[Records for processing — start]

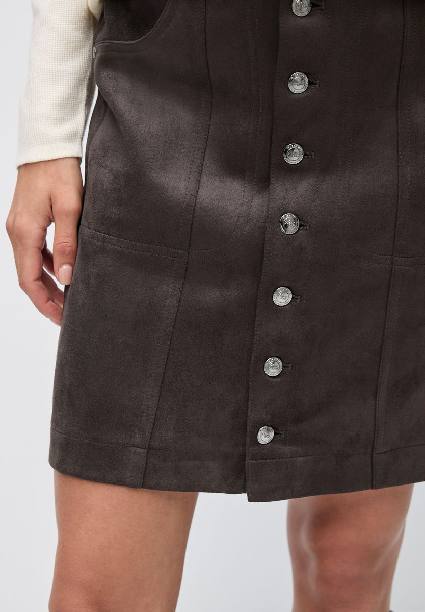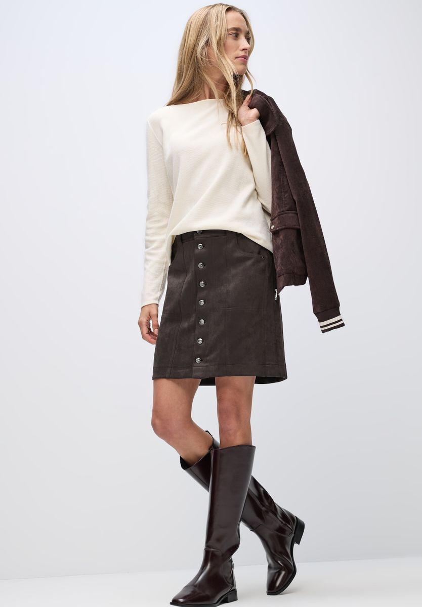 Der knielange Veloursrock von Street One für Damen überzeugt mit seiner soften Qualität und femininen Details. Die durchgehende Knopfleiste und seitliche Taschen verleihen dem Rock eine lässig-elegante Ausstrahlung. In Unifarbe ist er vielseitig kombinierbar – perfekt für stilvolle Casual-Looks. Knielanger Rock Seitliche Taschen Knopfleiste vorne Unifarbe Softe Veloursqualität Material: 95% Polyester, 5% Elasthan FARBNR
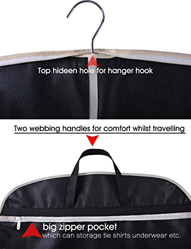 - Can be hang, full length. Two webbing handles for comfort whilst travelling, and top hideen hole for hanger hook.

[Records for processing — finish]
[Records for processing — start]

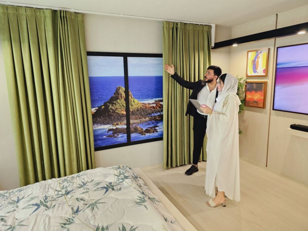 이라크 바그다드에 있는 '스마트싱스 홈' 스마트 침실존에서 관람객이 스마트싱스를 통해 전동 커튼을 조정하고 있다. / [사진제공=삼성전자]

[Records for processing — finish]

Word for word, write out the lines above running from the one with "Der knielange Veloursrock" up to and including the one with "- Can be hang, full". Drop any picture.

→ **Your response**
 Der knielange Veloursrock von Street One für Damen überzeugt mit seiner soften Qualität und femininen Details. Die durchgehende Knopfleiste und seitliche Taschen verleihen dem Rock eine lässig-elegante Ausstrahlung. In Unifarbe ist er vielseitig kombinierbar – perfekt für stilvolle Casual-Looks. Knielanger Rock Seitliche Taschen Knopfleiste vorne Unifarbe Softe Veloursqualität Material: 95% Polyester, 5% Elasthan FARBNR
 - Can be hang, full length. Two webbing handles for comfort whilst travelling, and top hideen hole for hanger hook.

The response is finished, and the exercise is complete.